- Born: 22 February 1945 (age 81)
- Education: Somerville College, Oxford
- Occupation: Geneticist
- Employer: St George's, University of London
- Spouse: Humphrey Hodgson ​(m. 1971)​
- Children: 2
- Parents: Lionel Penrose; Margaret Leathes;
- Relatives: Oliver Penrose (brother); Roger Penrose (brother); Jonathan Penrose (brother);

= Shirley Hodgson =

British geneticist

Shirley Victoria Penrose Hodgson (born 22 February 1945) is a British geneticist.

==Biography==
Hodgson studied at Somerville College, Oxford. She worked as a GP, then performed as a locum in clinical genetics at Guy's Hospital, saying she found the subject "irresistible". She became Senior Registrar in Clinical Genetics for the South Thames (East) Regional Genetics Centre and Honorary Senior Registrar at Hammersmith Hospital, London, from 1983 to 1988; then Consultant Geneticist at Addenbrooke's Hospital from 1988 to 1990. In the 1990s, she led the regional cancer genetics service at Guy's and St Thomas' Hospital.

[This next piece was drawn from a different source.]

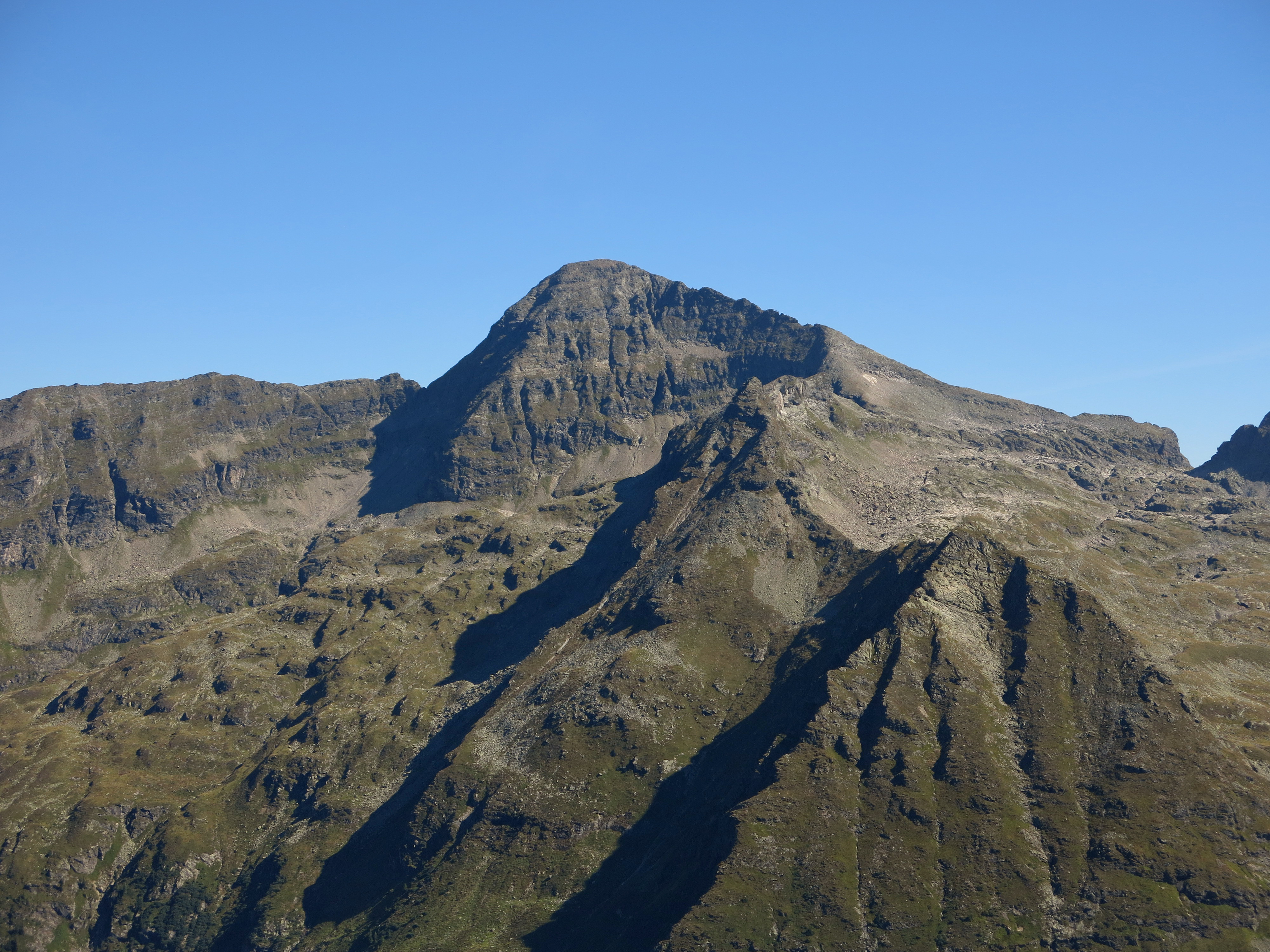 Hochwildestelle (2747 m) in the Schladming Tauern seen from SW (Klafferscharte)

She has been a Professor of Cancer Genetics at St George's, University of London since 2003.

Hodgson is the daughter of Lionel Penrose and his wife Margaret Leathes and the granddaughter of the physiologist John Beresford Leathes. She has three older brothers, Oliver, Sir Roger, and Jonathan Penrose. She married Humphrey Hodgson in 1971.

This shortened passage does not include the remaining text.